(THE INPUT Opens)
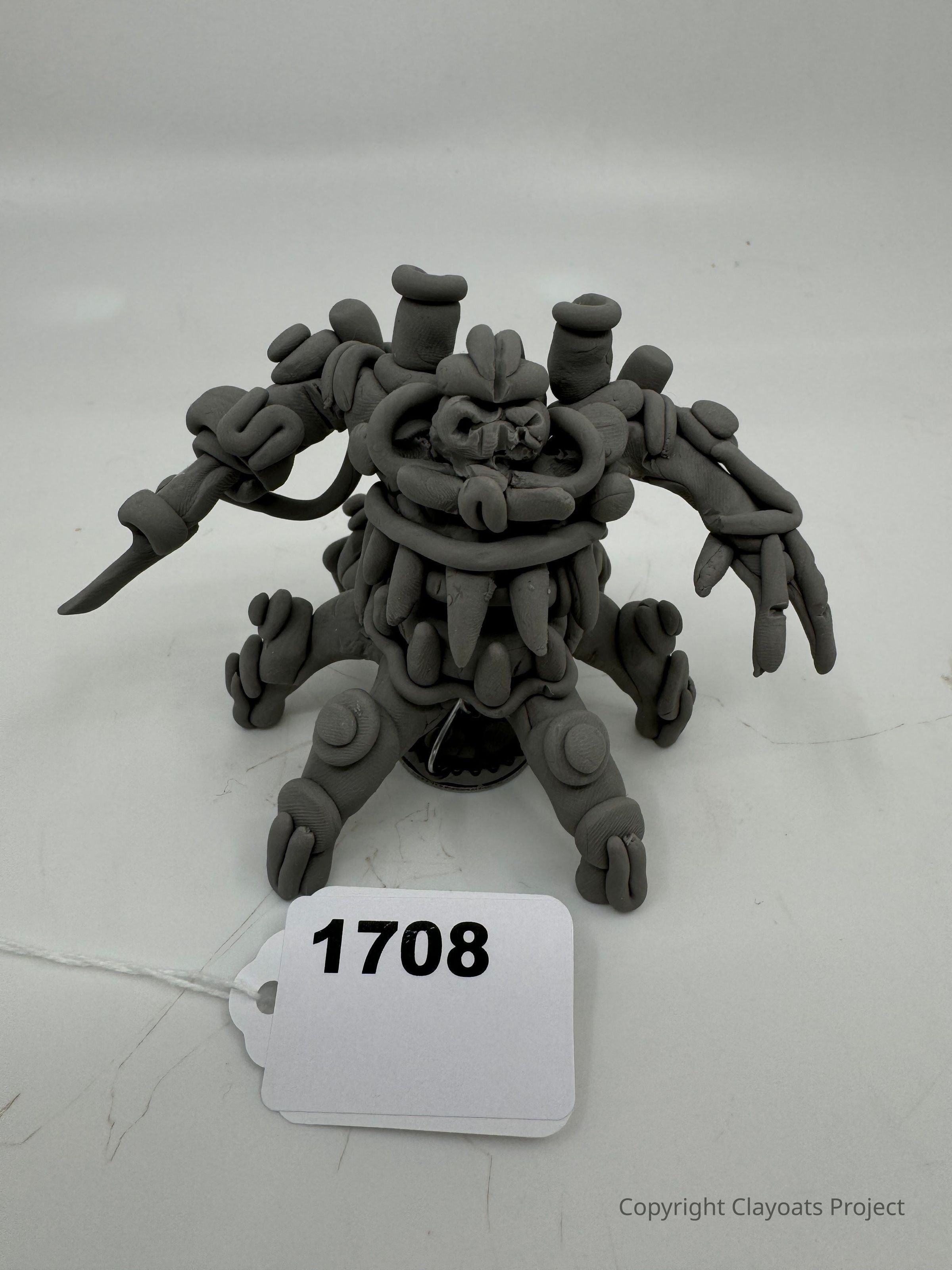 The image depicts a gray, intricately crafted clay sculpture of a fantastical creature, featuring multiple limbs and a menacing expression, adorned with various cylindrical and organic shapes, suggesting a fusion of mechanical and organic elements; it stands on a circular base.connected by a piece of string, all set against a neutral light background that emphasizes the sculpture's detailed textures and imaginative design.
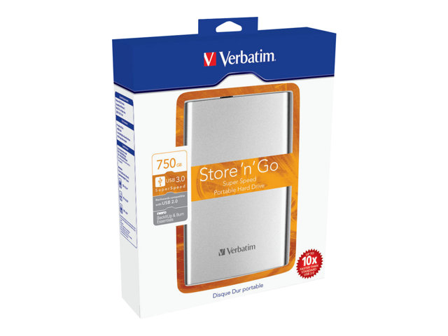 Le disque dur portable Verbatim Store 'n' Go est une solution de stockage hautes performances qui utilise une interface USB 3.0 haute vitesse. La norme USB 3.0 permet d'atteindre des débits multipliés par 10 par rapport à l'USB 2.0 (sur la base de mesure de la vitesse de bus USB), vous offrant un taux de transfert de données ultra-rapide.
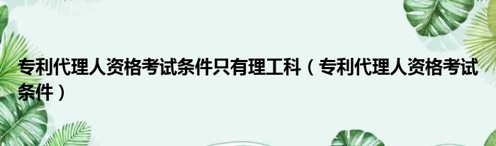 专利代理人资格考试条件只有理工科(专利代理人资格考试条件)
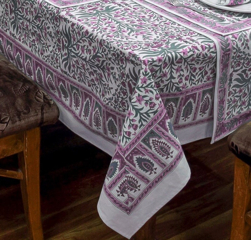 Soft Pink and White Indian Hand Block Printed Cotton Tablecloth, Table cover for Wedding Home Party ...
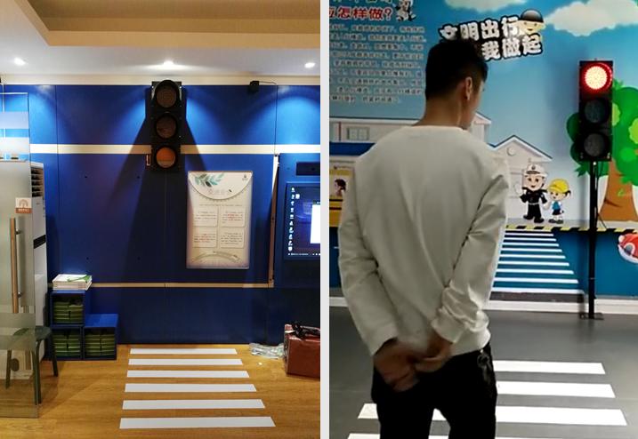 该系统设计目的在于教育学生们,认识红绿灯,理解红绿灯每种颜色灯光表示的意思。系统改装自真实红绿灯,在其基础上加装人体感应装置,在不同灯光颜色下,对行人通过斑马线进行语音提示,让学生在互动中学会红绿灯路口的正确通行方法。
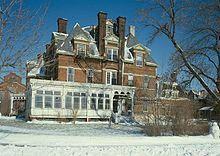 Originally built beyond the Chicago city limits, it is now in what is the Pullman community area of Chicago, the district includes the Pullman factory and also the Hotel Florence, named after George Pullman's daughter. Also within the district is the A. Philip Randolph Pullman Porter Museum, named for the prominent labor and civil rights leader A. Philip Randolph, which recognizes and explores African American labor history.[4] Parts of the site, in recent decades have been owned by the Illinois Historic Preservation Agency prior to gifting them to the federal government.[5][6] Additional grounds remain owned by the state, as The Pullman State Historic Site. [7] The Pullman District, including the national monument, state historic site, and private homes is east of Cottage Grove Avenue, from East 103rd St. to East 115th St.[8] It was named a Chicago Landmark district on October 16, 1972.[2] It was listed on the National Register of Historic Places on October 8, 1969 and declared a National Historic Landmark on December 30, 1970.[9]
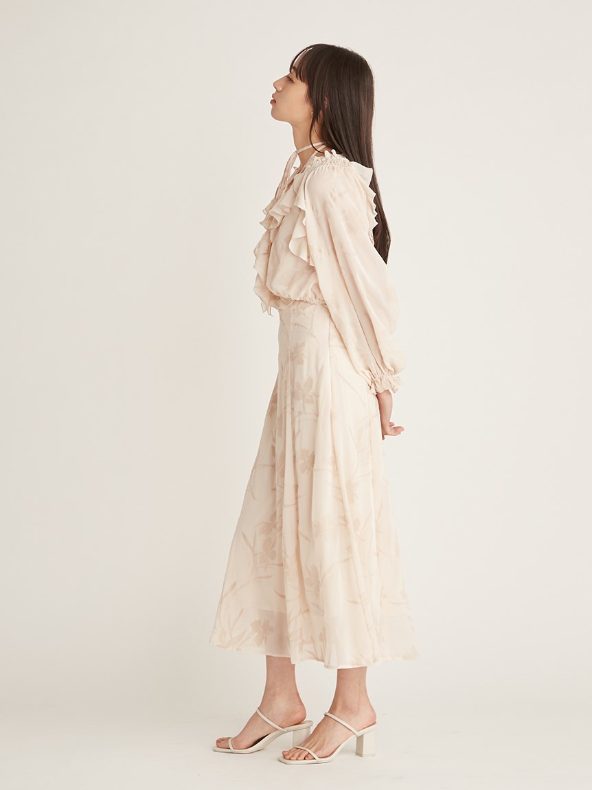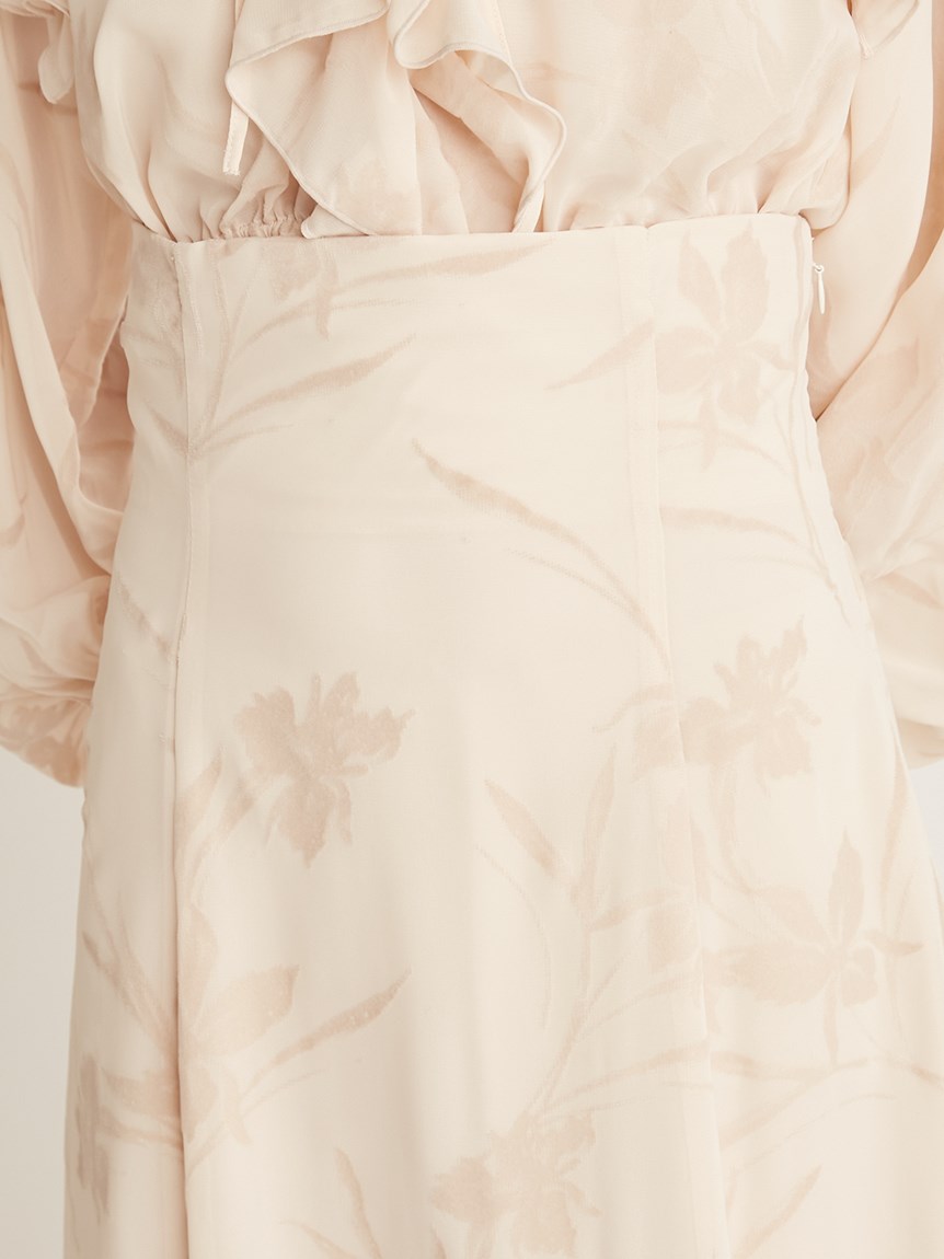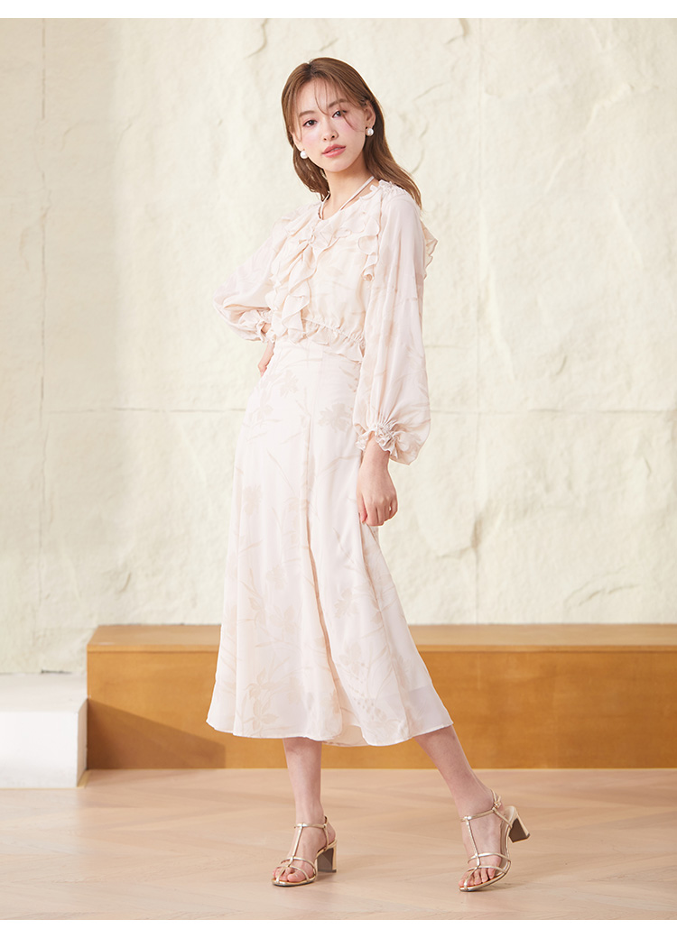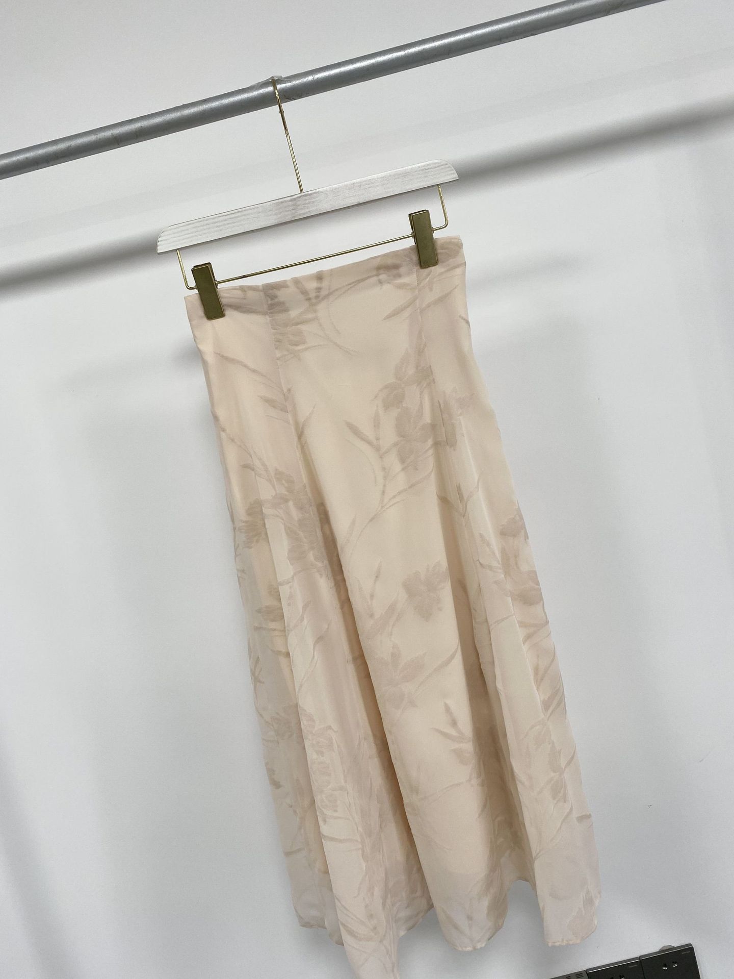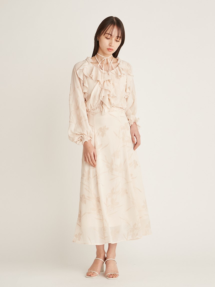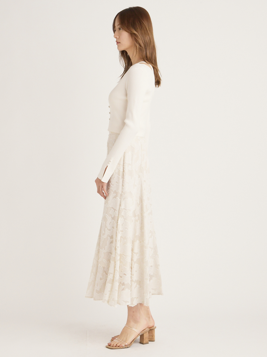 フロッキープリントで施されたフラワー模様が印象的な、フェミニンムード溢れるスカート。ほんのり透け感のある軽やかな素材感とひらりと広がるフレアラインが、シーズンムードを盛り上げています。ボディラインにすっきりと沿うハイウエストデザインで、スタイルアップ効果も◎。同シリーズのブラウス(SWFB231121)を合わせた、ワンピースライクなスタイリングがおすすめです。
(THE INPUT Closes)
▸ **TASK REQUIREMENTS**: Repeat every line above exactly, but omit all images.

▸ **ANSWER TO THIS PROBLEM**:
 The image depicts a gray, intricately crafted clay sculpture of a fantastical creature, featuring multiple limbs and a menacing expression, adorned with various cylindrical and organic shapes, suggesting a fusion of mechanical and organic elements; it stands on a circular base.connected by a piece of string, all set against a neutral light background that emphasizes the sculpture's detailed textures and imaginative design.
 Le disque dur portable Verbatim Store 'n' Go est une solution de stockage hautes performances qui utilise une interface USB 3.0 haute vitesse. La norme USB 3.0 permet d'atteindre des débits multipliés par 10 par rapport à l'USB 2.0 (sur la base de mesure de la vitesse de bus USB), vous offrant un taux de transfert de données ultra-rapide.
 专利代理人资格考试条件只有理工科(专利代理人资格考试条件)
 Soft Pink and White Indian Hand Block Printed Cotton Tablecloth, Table cover for Wedding Home Party ...
 该系统设计目的在于教育学生们,认识红绿灯,理解红绿灯每种颜色灯光表示的意思。系统改装自真实红绿灯,在其基础上加装人体感应装置,在不同灯光颜色下,对行人通过斑马线进行语音提示,让学生在互动中学会红绿灯路口的正确通行方法。
 Originally built beyond the Chicago city limits, it is now in what is the Pullman community area of Chicago, the district includes the Pullman factory and also the Hotel Florence, named after George Pullman's daughter. Also within the district is the A. Philip Randolph Pullman Porter Museum, named for the prominent labor and civil rights leader A. Philip Randolph, which recognizes and explores African American labor history.[4] Parts of the site, in recent decades have been owned by the Illinois Historic Preservation Agency prior to gifting them to the federal government.[5][6] Additional grounds remain owned by the state, as The Pullman State Historic Site. [7] The Pullman District, including the national monument, state historic site, and private homes is east of Cottage Grove Avenue, from East 103rd St. to East 115th St.[8] It was named a Chicago Landmark district on October 16, 1972.[2] It was listed on the National Register of Historic Places on October 8, 1969 and declared a National Historic Landmark on December 30, 1970.[9]
 フロッキープリントで施されたフラワー模様が印象的な、フェミニンムード溢れるスカート。ほんのり透け感のある軽やかな素材感とひらりと広がるフレアラインが、シーズンムードを盛り上げています。ボディラインにすっきりと沿うハイウエストデザインで、スタイルアップ効果も◎。同シリーズのブラウス(SWFB231121)を合わせた、ワンピースライクなスタイリングがおすすめです。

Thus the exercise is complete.